Further to positing speech as a purportedly natural user interface, Thao Phan suggests that the success of voice assistants requires “the perfect mimesis of the social order within the speech acts of the algorithm itself.”41 As digital assistants strive to facilitate frictionless encounters between users and cloud platforms, “the category of the invisible becomes, then, a performance of the socially invisible.”42 Numerous scholars have indeed suggested that the prevalent use of feminized voices in such interfaces aligns with ingrained gendered stereotypes regarding power relations in domestic and professional contexts—recalling a plucky personal assistant or submissive domestic laborer—and thereby mollify users’ anxieties regarding surveillance and data mining.43 Phan elsewhere comments upon the ways in which the utterances of digital assistants “evade specific identifying cultural inflections,”44 while adhering to American, British, or Australian national accents (which rarely reflect actual regional specificities), thus advancing an aesthetic that conflates neutrality with a generalized whiteness.

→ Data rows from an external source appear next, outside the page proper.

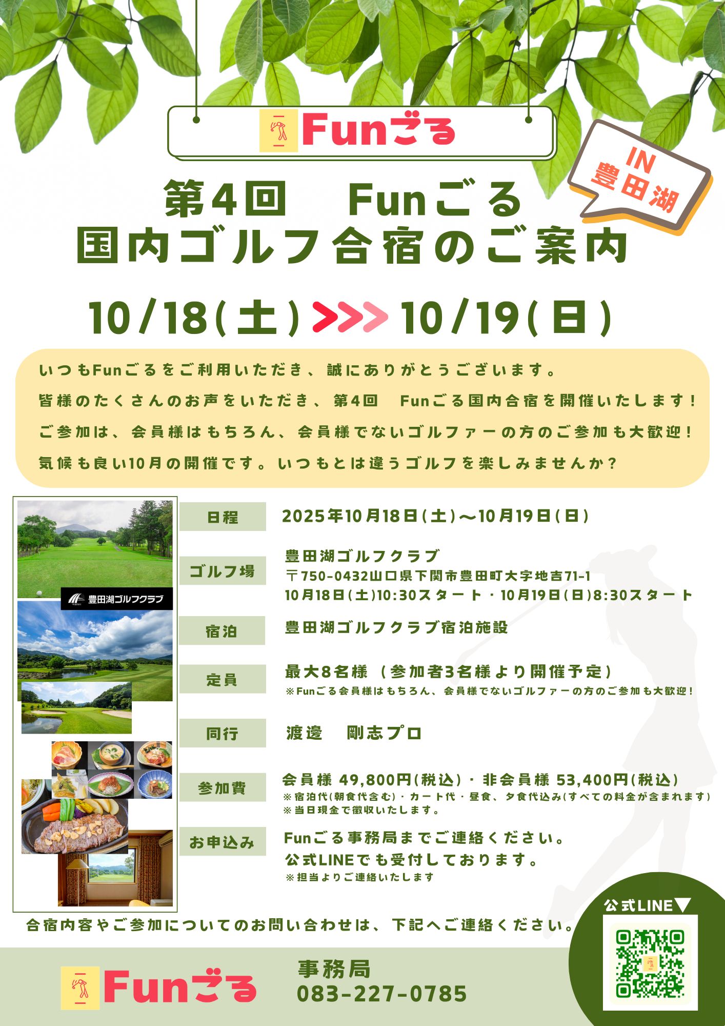 2025年 第4回国内合宿のご案内 2025.08.06 HOME ブログ スタッフブログ 2025年 第4回国内合宿のご案内 Tweet 2025年も第4回国内合宿を開催決定!! 今回は、Funごる所属のプロゴルファー、渡邊剛志プロが同行!! レッスンもあって、普段とは違って夕食をわいわいみなさんで楽しく♪ ぜひご参加お待ちしております( *´艸`) 山口県でゴルフはじめるなら、Funごる!! 3周年Funごる記念コンペ先行予約スタート!!
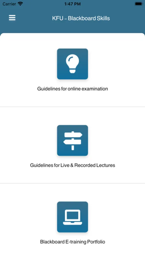 حرصت عمادة التعلم الإلكتروني والتعليم عن بعد على توفير أدلة إرشادية وحقائب تدريب إلكترونية لأعضاء هيئة التدريس تقدم أدلة إرشادية خاصة بإدارة المحاضرات عن بعد وأدلة إرشادية خاصة بتجهيز وإعداد وعقد وأداء الاختبارات والواجبات الإلكترونية، وأدلة أخرى تقدم شرحاً وافياً لكافة النشاطات والمهارات الأساسية لاستخدام منظومة Blackboard.
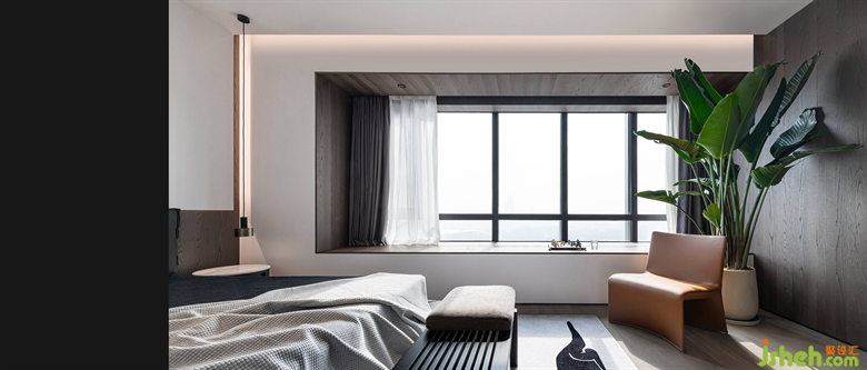 耕圖設(shè)計(jì)主臥室干凈簡(jiǎn)練的明朗線條營(yíng)造著沉著克制的空間基調(diào),搭以細(xì)膩柔和的軟裝配飾,韻與法,柔與剛,含蓄與迸溢,兼收并蓄?;貧w生活本質(zhì),靜享生活恬靜淡然之美。
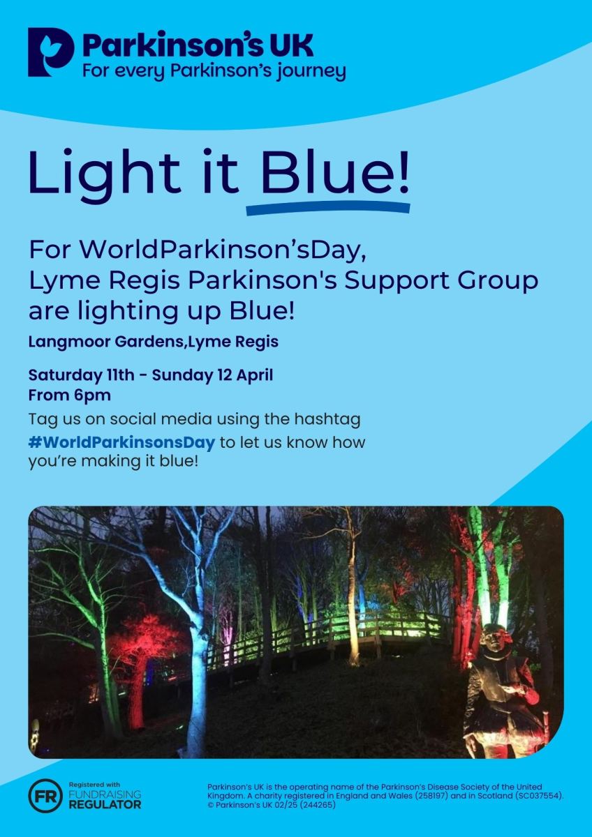 From 6pm on Saturday 11th and Sunday 12th April, Langmoor Gardens will be illuminated in brilliant blue in support of World Parkinson's Day.
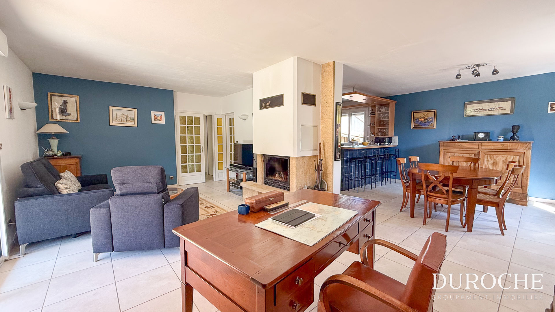 Dès l'entrée, vous profitez d'un intérieur chaleureux avec des matériaux de qualité et un agencement pensé pour le confort au quotidien. La maison propose une pièce de vie lumineuse d'environ 53 m2, composée d'un salon, d'un séjour et d'une cuisine, offrant de beaux volumes et une belle ouverture sur l'extérieur. Cet espace est équipé d'une climatisation, d'une cheminée avec insert et bénéficie d'un excellent confort thermique.
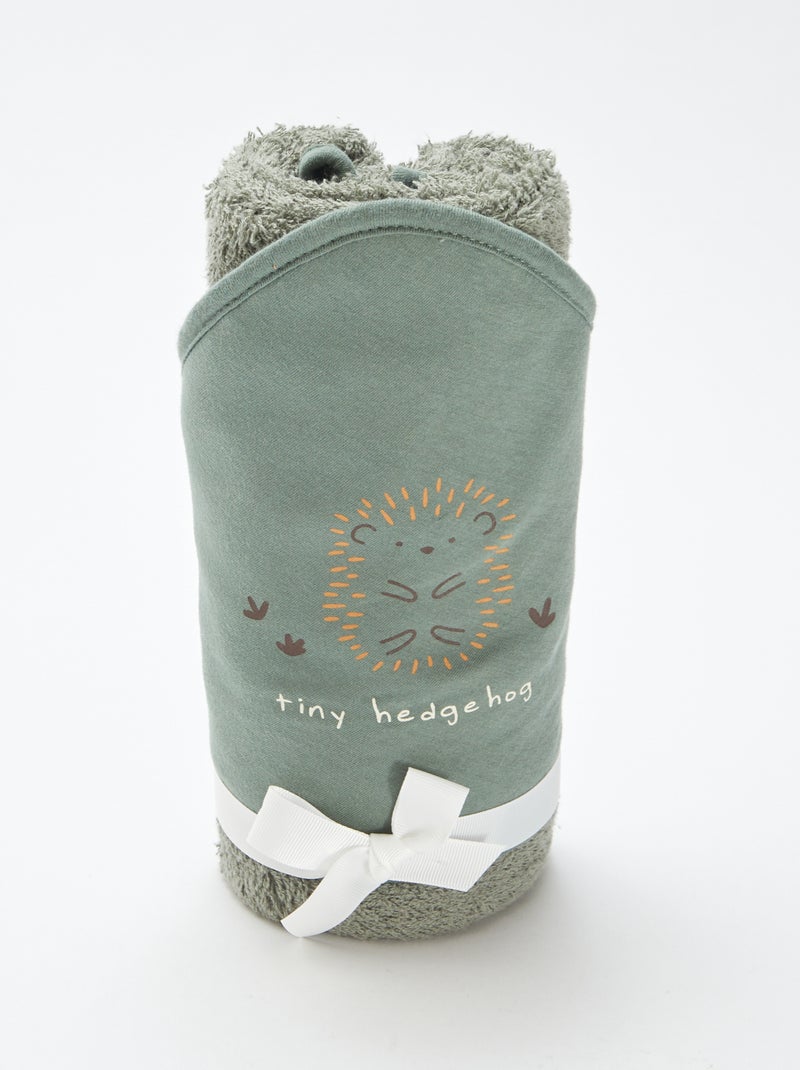 Une jolie cape de bain avec un bel imprimé pour bébé à la sortie du bain.
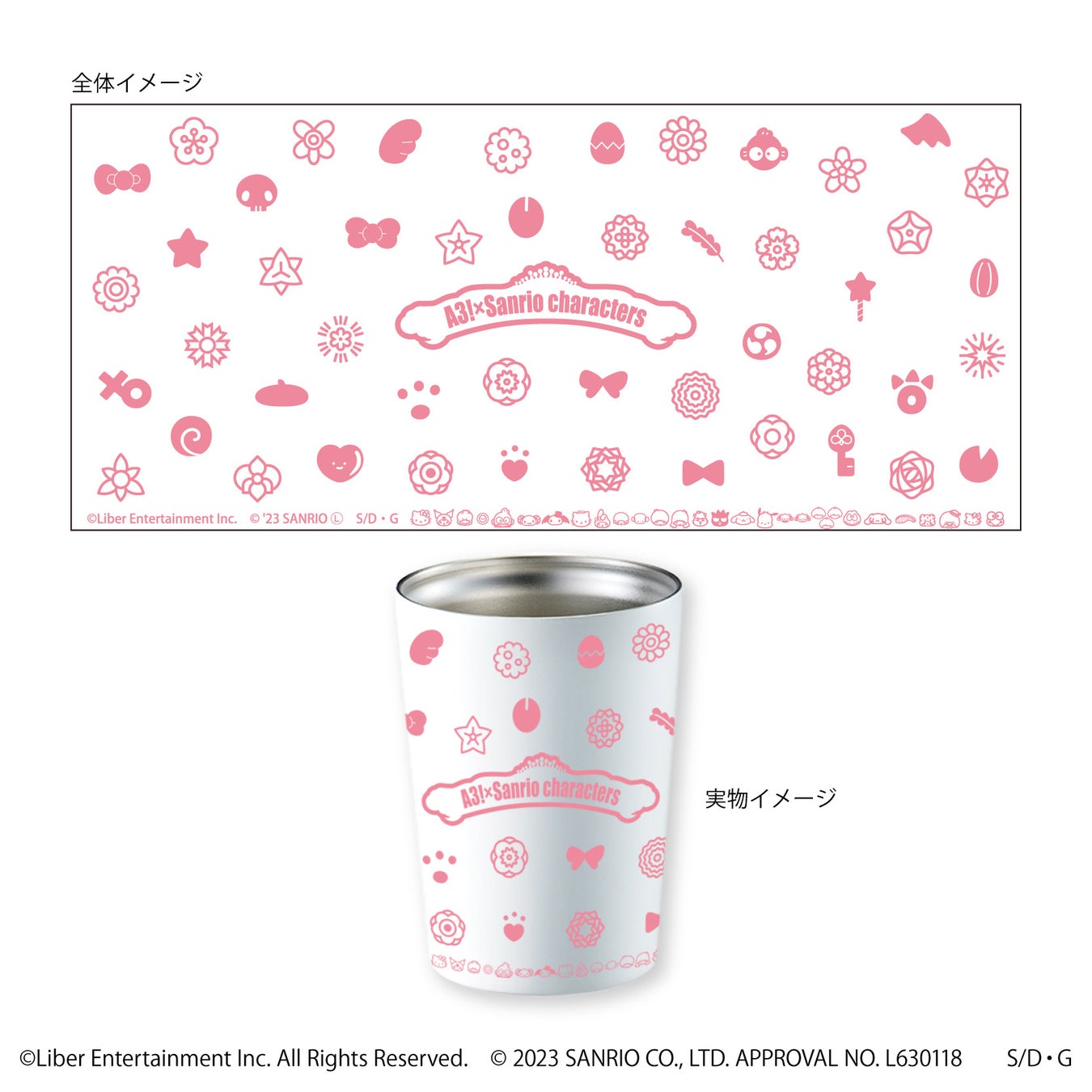 ステンレスタンブラーは飲み物の保温・保冷に便利なアイテムで、劇団員とサンリオキャラクターズのモチーフイラストが散りばめられたおしゃれなデザインで登場しました。
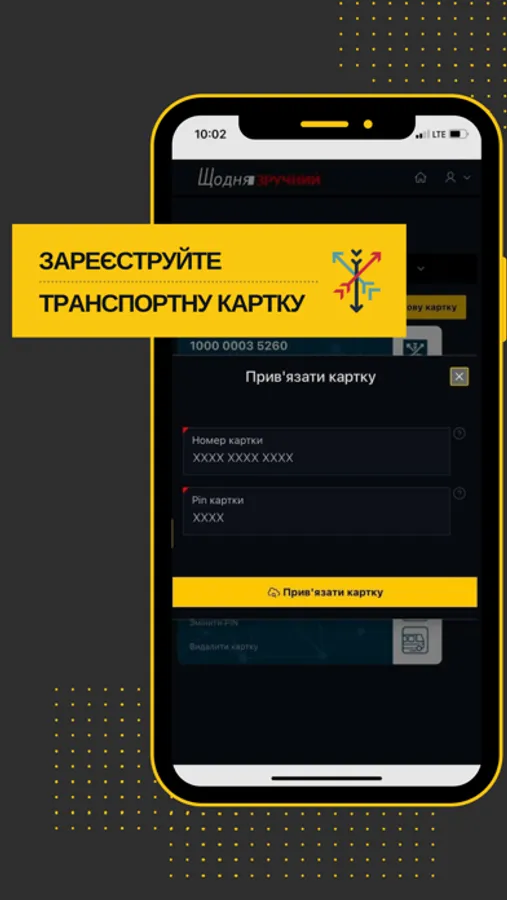 - прив'язати транспортну карту по її номеру та Pin коду (допускається прив'язка від однієї та більше транспортних карт);
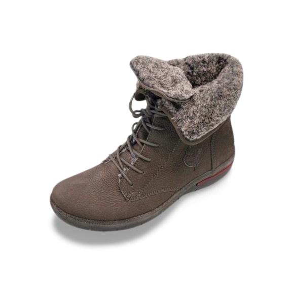 Damskie botki ze skóry nubukowej w tęgości H, z wywijanym kożuszkiem, sznurówką i bocznym suwakiem. Wyjmowana, profilowana wkładka i lekka, amortyzująca podeszwa zapewniają komfort.
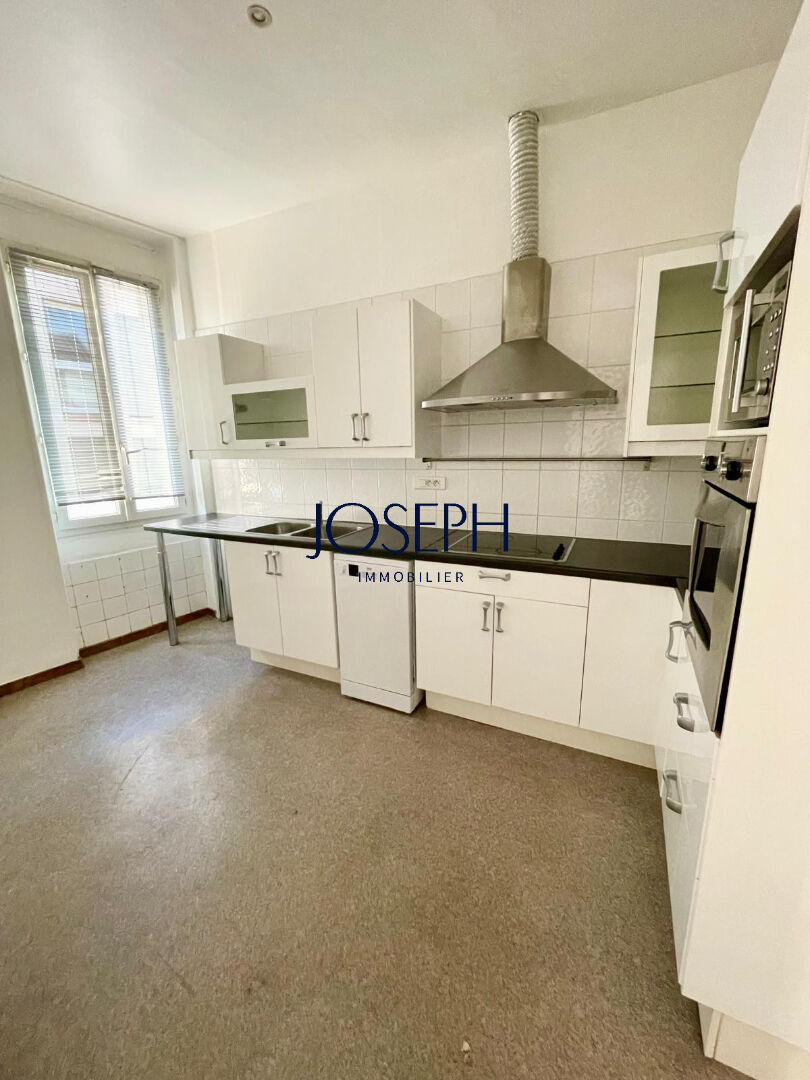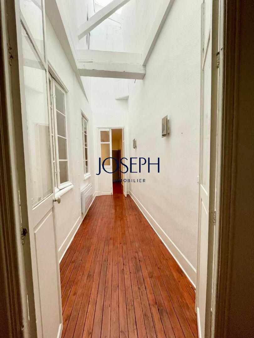 Dans un immeuble ancien rénové, au 1er étage, beau et grand appartement T3 atypique, de 106 m², avec de beaux volumes. Il se compose d’une grande entrée/bureau de 13 m² éclairée par un patio en verrière de 9 m², d’une cuisine séparée de 9 m² aménagée avec placards et équipée d’une plaque vitrocéramique avec hotte, four, four micro-ondes, lave-vaisselle, réfrigérateur avec congélateur. La cuisine donne sur le salon de 22 m², attenant à la salle à manger de 17 m². Un dégagement dessert une chambre de 11 m² avec rangements, qui ouvre sur le patio, des toilettes séparés et une belle salle d’eau de 4 m² avec grande douche. La chambre principale de 17.5 m² complète l’appartement.
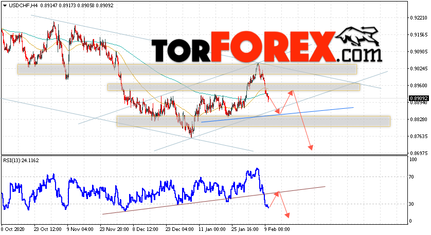 Таким образом, USD/CHF прогноз Доллар Франк на 11 февраля 2021 предполагает попытку теста области поддержки вблизи уровня 0.8845. Далее, продолжение роста валютной пары USD/CHF с целью выше уровня 0.8975. Дополнительным сигналом в пользу подъёма пары Доллар Франк выступит тест линии тренда на индикаторе относительной силы. Отменой варианта роста станет падение и пробой области 0.8805. Это укажет на пробой уровня поддержки и продолжение падения пары с потенциальной целью ниже уровня 0.8685.

Referring specifically to Amazon, Phan suggests that all manner of tasks behind the production and functioning of Alexa are performed by predominantly racialized workers—from assembly line workers building smart devices to gig economy service workers realizing consumers’ demands—and that their labor is obfuscated by the interface’s white and feminized voice. The invisibility of vocal interfaces is therefore further bolstered by the mobilization of social invisibility, which is itself undergirded by the logics of whiteness and hetero-patriarchy. Thus, while the human labor integral to the functioning of voice assistants is to some degree hidden in plain sight, the stakes of these aesthetic conventions are nonetheless political.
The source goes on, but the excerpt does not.